**Exercise requirements**
The output should match, line for line, the records from the line containing "enhancer RNAs regulate" through the line containing "Los hombres visten", with every picture left out.

**Excerpted records**
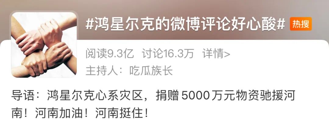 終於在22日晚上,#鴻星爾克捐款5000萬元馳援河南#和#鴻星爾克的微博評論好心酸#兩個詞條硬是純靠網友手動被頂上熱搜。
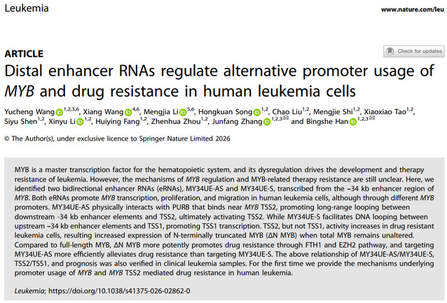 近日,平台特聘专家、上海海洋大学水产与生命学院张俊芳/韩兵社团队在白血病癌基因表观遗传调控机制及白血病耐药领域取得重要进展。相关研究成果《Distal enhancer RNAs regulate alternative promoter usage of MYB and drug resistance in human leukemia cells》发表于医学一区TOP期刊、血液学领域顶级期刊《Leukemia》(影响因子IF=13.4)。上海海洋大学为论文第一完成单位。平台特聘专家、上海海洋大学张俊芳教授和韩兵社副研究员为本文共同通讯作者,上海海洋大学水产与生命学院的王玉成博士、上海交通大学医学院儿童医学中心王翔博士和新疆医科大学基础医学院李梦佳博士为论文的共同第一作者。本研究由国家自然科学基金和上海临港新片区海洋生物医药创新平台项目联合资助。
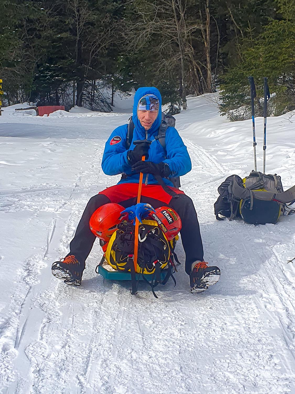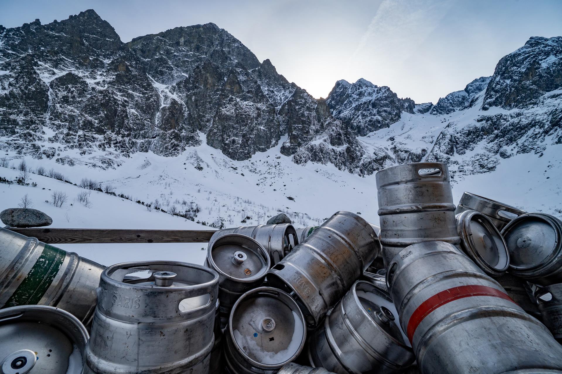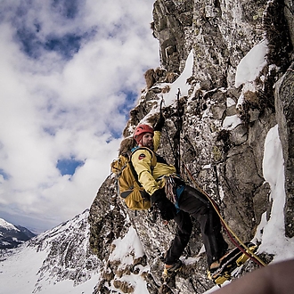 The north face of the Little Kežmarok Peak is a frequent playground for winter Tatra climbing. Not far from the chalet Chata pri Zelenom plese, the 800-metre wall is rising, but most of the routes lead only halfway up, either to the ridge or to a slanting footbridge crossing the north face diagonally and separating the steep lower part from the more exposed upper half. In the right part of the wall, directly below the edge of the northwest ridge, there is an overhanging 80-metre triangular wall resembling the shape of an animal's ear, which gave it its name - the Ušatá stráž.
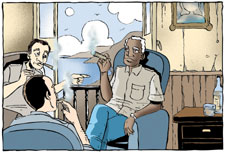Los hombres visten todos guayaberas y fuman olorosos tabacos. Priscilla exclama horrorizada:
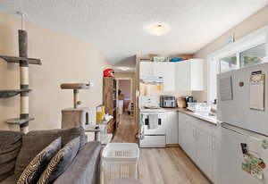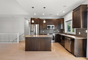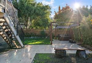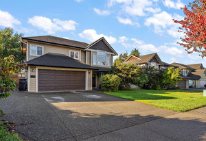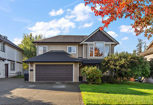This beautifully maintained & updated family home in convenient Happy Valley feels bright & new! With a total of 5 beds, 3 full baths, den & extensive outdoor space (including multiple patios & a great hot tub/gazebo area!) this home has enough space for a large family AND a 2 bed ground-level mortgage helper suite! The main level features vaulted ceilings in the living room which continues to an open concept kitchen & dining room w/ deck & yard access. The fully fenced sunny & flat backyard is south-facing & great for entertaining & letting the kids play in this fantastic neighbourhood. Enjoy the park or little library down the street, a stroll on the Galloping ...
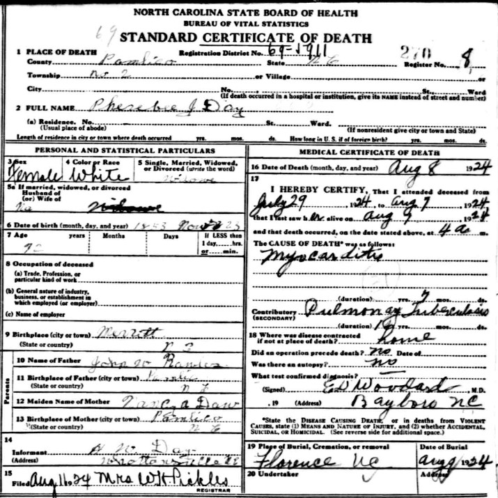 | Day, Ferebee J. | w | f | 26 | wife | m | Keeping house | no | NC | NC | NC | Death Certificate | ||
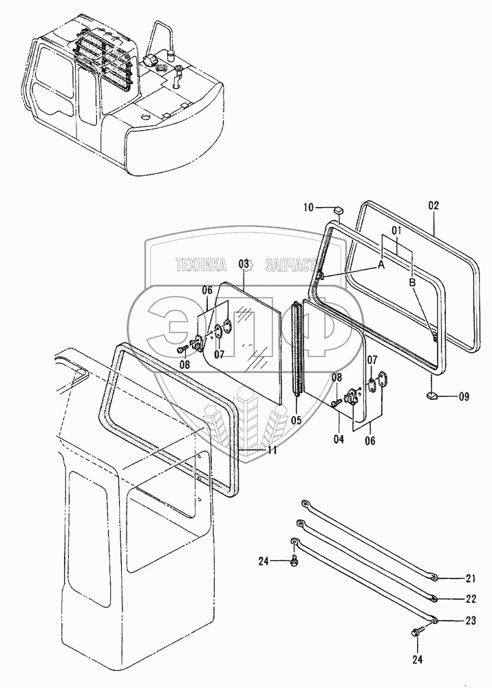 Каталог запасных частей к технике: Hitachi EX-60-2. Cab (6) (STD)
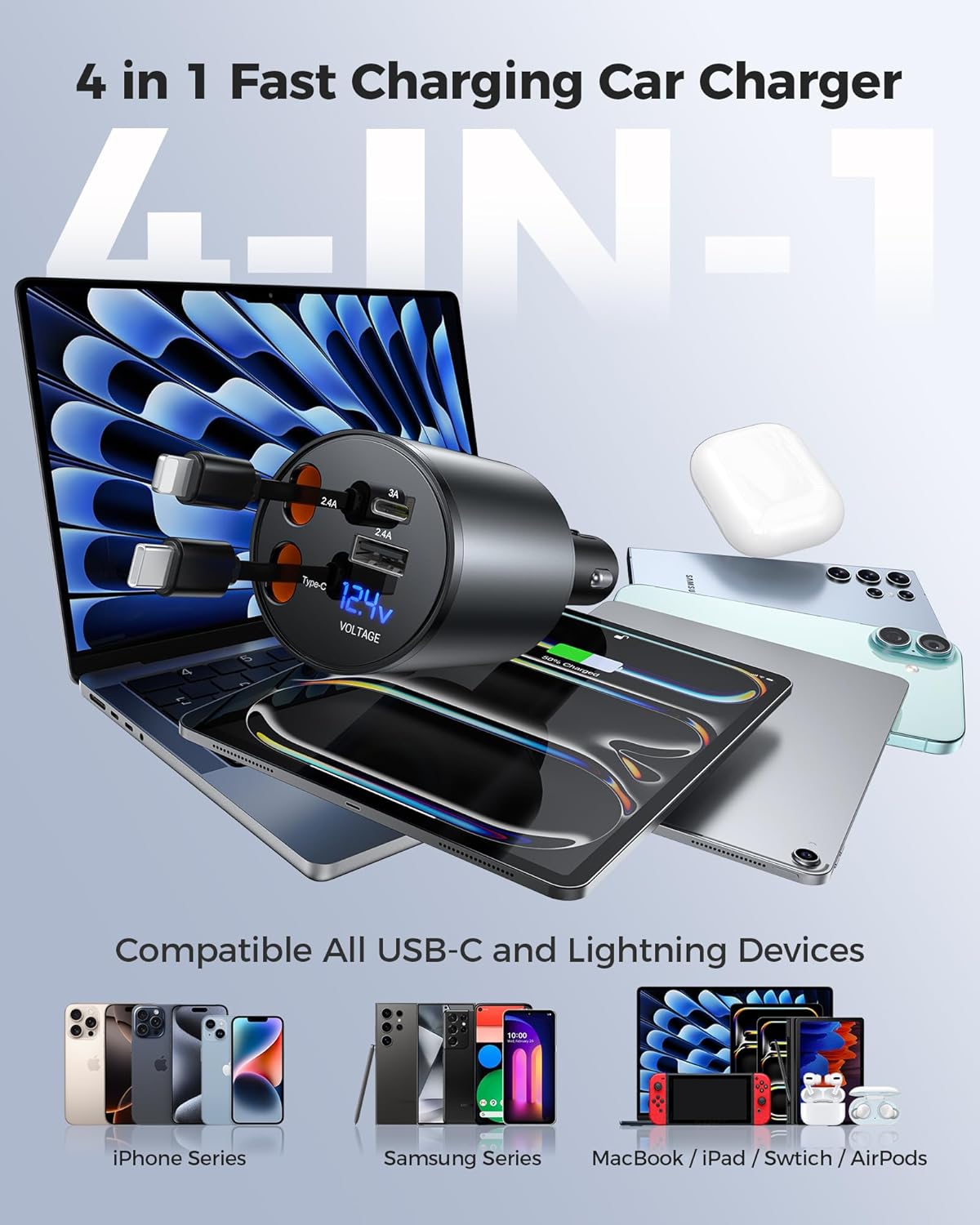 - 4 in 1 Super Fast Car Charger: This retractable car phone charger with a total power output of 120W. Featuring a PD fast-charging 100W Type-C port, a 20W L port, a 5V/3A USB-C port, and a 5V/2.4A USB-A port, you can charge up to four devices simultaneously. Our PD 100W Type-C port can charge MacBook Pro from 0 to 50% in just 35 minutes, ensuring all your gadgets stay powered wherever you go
--
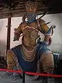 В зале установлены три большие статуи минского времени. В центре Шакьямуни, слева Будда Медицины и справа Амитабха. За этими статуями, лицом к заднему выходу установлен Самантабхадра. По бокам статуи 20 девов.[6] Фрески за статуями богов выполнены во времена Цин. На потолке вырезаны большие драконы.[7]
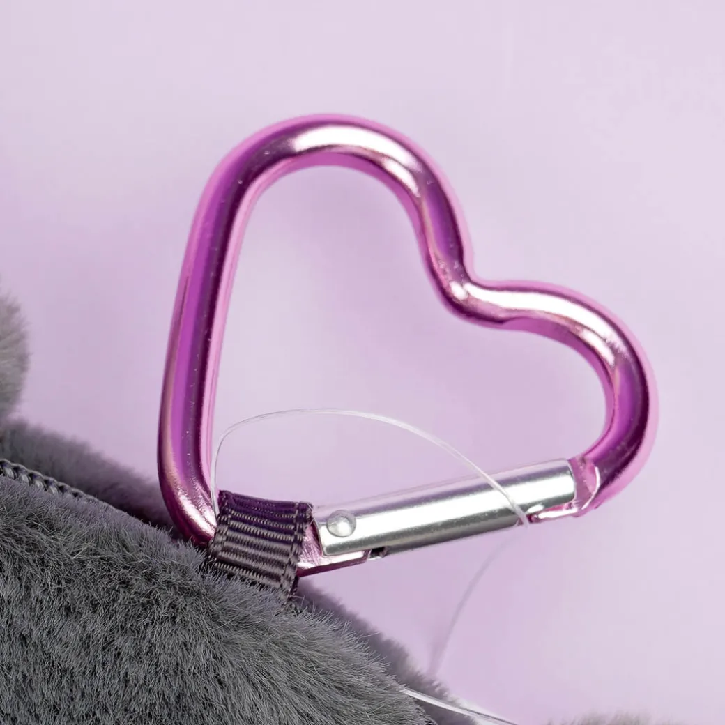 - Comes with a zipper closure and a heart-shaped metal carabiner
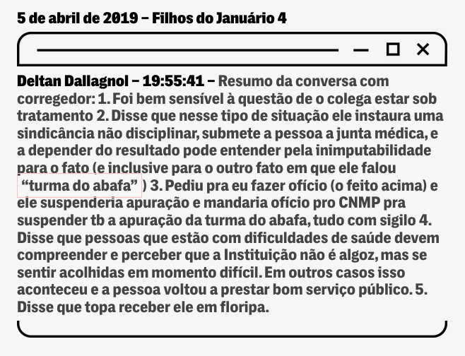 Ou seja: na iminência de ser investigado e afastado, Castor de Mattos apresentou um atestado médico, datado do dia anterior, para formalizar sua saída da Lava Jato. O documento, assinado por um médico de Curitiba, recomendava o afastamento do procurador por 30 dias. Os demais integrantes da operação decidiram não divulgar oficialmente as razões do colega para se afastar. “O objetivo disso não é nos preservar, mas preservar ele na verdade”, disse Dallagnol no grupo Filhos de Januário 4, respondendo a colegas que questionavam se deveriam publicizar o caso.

**Expected answer**
 近日,平台特聘专家、上海海洋大学水产与生命学院张俊芳/韩兵社团队在白血病癌基因表观遗传调控机制及白血病耐药领域取得重要进展。相关研究成果《Distal enhancer RNAs regulate alternative promoter usage of MYB and drug resistance in human leukemia cells》发表于医学一区TOP期刊、血液学领域顶级期刊《Leukemia》(影响因子IF=13.4)。上海海洋大学为论文第一完成单位。平台特聘专家、上海海洋大学张俊芳教授和韩兵社副研究员为本文共同通讯作者,上海海洋大学水产与生命学院的王玉成博士、上海交通大学医学院儿童医学中心王翔博士和新疆医科大学基础医学院李梦佳博士为论文的共同第一作者。本研究由国家自然科学基金和上海临港新片区海洋生物医药创新平台项目联合资助。
 The north face of the Little Kežmarok Peak is a frequent playground for winter Tatra climbing. Not far from the chalet Chata pri Zelenom plese, the 800-metre wall is rising, but most of the routes lead only halfway up, either to the ridge or to a slanting footbridge crossing the north face diagonally and separating the steep lower part from the more exposed upper half. In the right part of the wall, directly below the edge of the northwest ridge, there is an overhanging 80-metre triangular wall resembling the shape of an animal's ear, which gave it its name - the Ušatá stráž.
Los hombres visten todos guayaberas y fuman olorosos tabacos. Priscilla exclama horrorizada:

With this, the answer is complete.